We would like to have some way to make it so that developers can be working with real data for testing, but are unable to change the data on the production server. Right now, we just have one database, so if we need to test a change to the website, we have to make dummy records to test.

Basically, we know this is a bad setup, but we don't know any better, and we really want to change. I can't find anything online that gives an overview of how to actually set up a development environment which can be used for both application development and database development.

I've looked at How to develop a database (workflow)? and How to setup local database development process for small web team?, but the first one doesn't address my problem, and the second one assumes a lot of knowledge that I don't have. I don't know anything about "normal" database development practices, rollout/rollback scripts, how to write tests for database development, schema comparison tools, etc. (These are all terms I've seen in my search, but I don't know where to go to learn about them.)

Does anyone know of a place where I can go to learn about this stuff? And/or can anyone give me some advice on how to set up the environment that I don't know how to describe?

My team is very averse to using TFS. I'm not sure why (I've never used it myself), but they like Git, and I know Git, so that is the source control we've decided on.
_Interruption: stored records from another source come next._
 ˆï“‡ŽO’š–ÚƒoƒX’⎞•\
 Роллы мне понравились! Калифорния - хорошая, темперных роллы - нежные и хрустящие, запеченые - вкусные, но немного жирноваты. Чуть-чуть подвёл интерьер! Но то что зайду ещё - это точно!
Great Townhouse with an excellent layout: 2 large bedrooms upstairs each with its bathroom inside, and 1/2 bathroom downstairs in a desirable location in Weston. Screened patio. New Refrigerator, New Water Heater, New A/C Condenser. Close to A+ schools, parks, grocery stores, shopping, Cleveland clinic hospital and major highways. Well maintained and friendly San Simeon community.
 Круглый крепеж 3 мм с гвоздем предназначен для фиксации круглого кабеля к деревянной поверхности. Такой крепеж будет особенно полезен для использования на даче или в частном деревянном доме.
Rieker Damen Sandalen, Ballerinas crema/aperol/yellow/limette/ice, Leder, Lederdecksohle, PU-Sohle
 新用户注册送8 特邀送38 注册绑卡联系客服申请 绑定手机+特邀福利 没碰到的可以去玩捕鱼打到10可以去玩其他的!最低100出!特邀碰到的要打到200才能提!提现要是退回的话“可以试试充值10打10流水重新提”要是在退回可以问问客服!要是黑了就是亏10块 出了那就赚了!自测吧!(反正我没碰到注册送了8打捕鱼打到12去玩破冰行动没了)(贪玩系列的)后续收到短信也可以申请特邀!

My main question was actually how to set up separate servers for the different environments, while having current data to work with in development.


2 Answers 2


Most of these topics aren't overly difficult but there are so many that I think you would struggle starting from scratch.

Furthermore because you're coming at it from a developer workflow point of view you'll likely discover that this kind of information doesn't get talked about much. You're likely going to have to pay for a consultant to come in, help you set up the dev server with basic backups and maintenance, and otherwise create a workflow for you.
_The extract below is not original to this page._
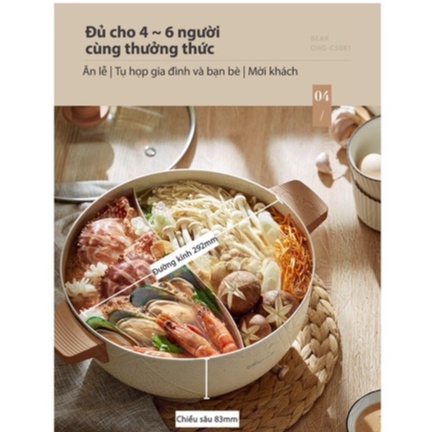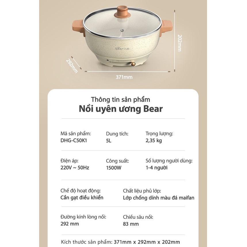 Với kích thước dài, rộng và cao lần lượt là 371 x 292 x 202 mm, chiếc nồi uyên ương Bear C50K1 sở hữu dung tích lên đến 5 lít, đủ dùng cho cả gia đình 4 người.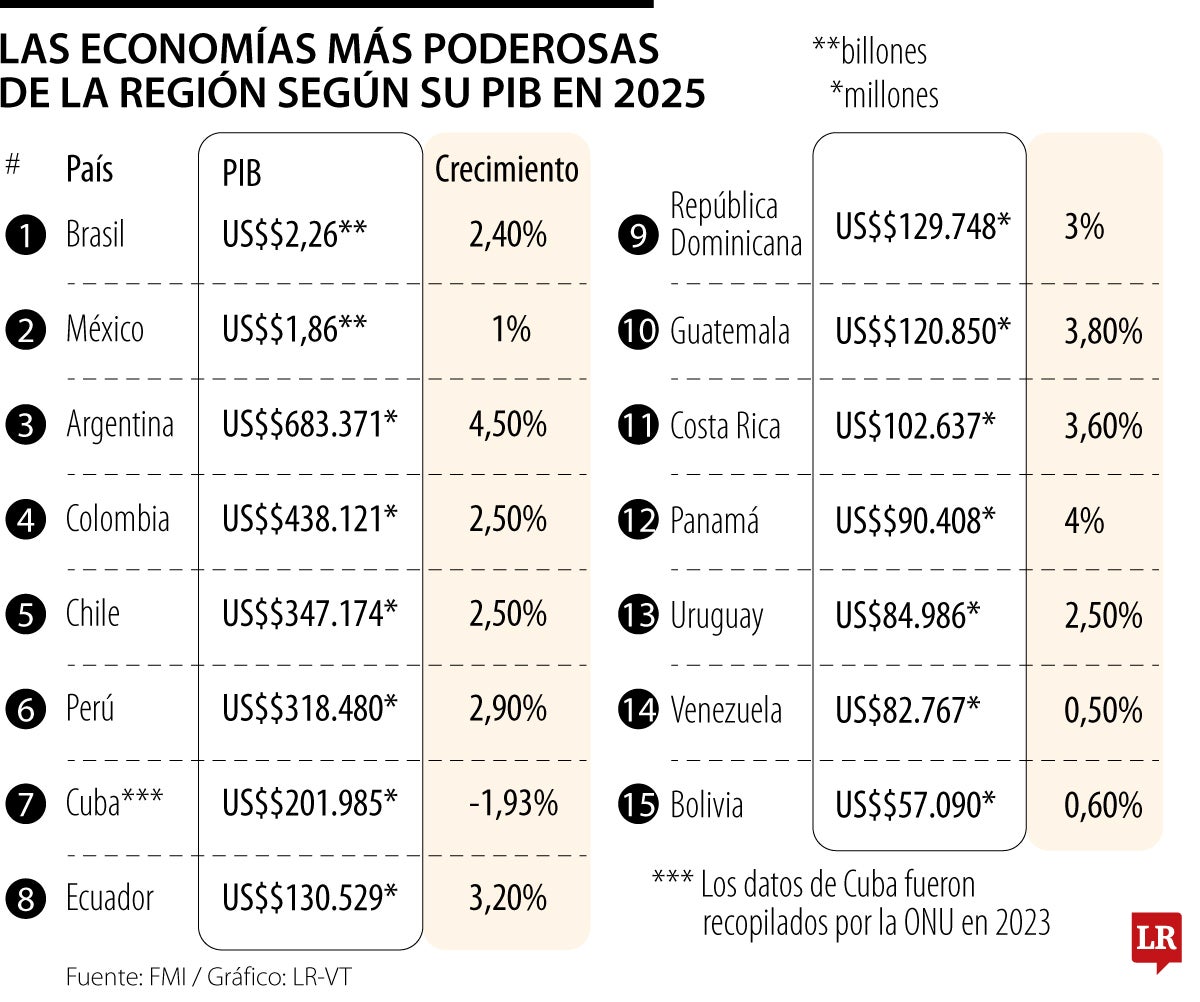 Colombia ocupó el cuarto lugar a nivel regional en el ranking de PIB nominal para 2025 según el FMI, después de Brasil, México y Argentina. Los dos primeros son los únicos de la región que lograron superar el US$1 billón en este indicador y se acercaron a otras economías avanzadas en el mundo como Canadá, Corea del Sur y España.

Does anyone know of a place where I can go to learn about this stuff?

If you were determined to do it yourself you'd search YouTube for videos on SSDT or SQL Server Database Projects which is part of Visual Studio; most of what you want is covered in some way by that (unit testing, source control through TFS or similar, deployments through msbuild, and also even schema compares). Unit testing is also commonly done with a framework called tSQLt. Deployments are sometimes done with Flyway. Database backups and maintenance are usually done with Ola Hallengren scripts or Minion Backup / Reindex.
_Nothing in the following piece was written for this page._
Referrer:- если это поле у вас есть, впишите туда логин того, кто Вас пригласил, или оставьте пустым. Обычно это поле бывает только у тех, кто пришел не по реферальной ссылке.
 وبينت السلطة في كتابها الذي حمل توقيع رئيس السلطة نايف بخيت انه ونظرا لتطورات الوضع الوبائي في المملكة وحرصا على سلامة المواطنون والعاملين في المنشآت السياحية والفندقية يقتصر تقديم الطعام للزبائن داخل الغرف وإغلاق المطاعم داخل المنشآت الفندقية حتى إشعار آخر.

You'd also take a look at SQL PASS which has a lot of chapters which have online training videos on each of those topics. However most of them will come up via a YouTube search.

Those are all free tools with caveats around Visual Studio of course.

For inexpensive non-tailored training Pluralsight has a video on each of these topics above and other database administration. But if you're not a DBA then you probably don't want to waste time on learning all of these, and you're still going to be stuck with creating your own workflow. There is no "developer workflow" from soup to nuts.

Red Gate does a lot of SQL Server developer software (in particular SQL Compare, SQL Source Control, and SQL Tests). You could search for their training videos for some ideas about how a workflow in these or other tools might look like. Again you can find these on YouTube, though they also publish some free downloadable books as part of their marketing.

  • It's not so much about being determined to do it ourselves as being forced... We work for the government, and the people above us don't know a thing about DBA vs developer. They just expect us to produce a product. Commented Jan 24, 2017 at 20:51

Community Wiki answer from question comments by Antoine Hernandez

I'm a proponent of using SQL Server Data Tools (SSDT) for development and source control. Most places I've seen that are .NET developers use Team Foundation Server (TFS) so natural step is to use SSDT for the database piece. Then you can treat your database development similar to your .NET development (assuming you have separate servers for the different environments). Using SSDT gives you source control, schema and data comparison tools, and a way to build the deployment of the database into your normal build scripts.

Source control is just one component of TFS and it can integrate with Git for the source control part no problem but that's not what you were seeking. As far as how to set up servers, each person that answers may have a different way of configuring the servers. Ideally, you would want your application server separate from your database server, have SQL Server services run with the separate, dedicated accounts, have the application use a dedicated, domain account to connect to the database, and have real data only in production. Anything else would depend on your available configuration options.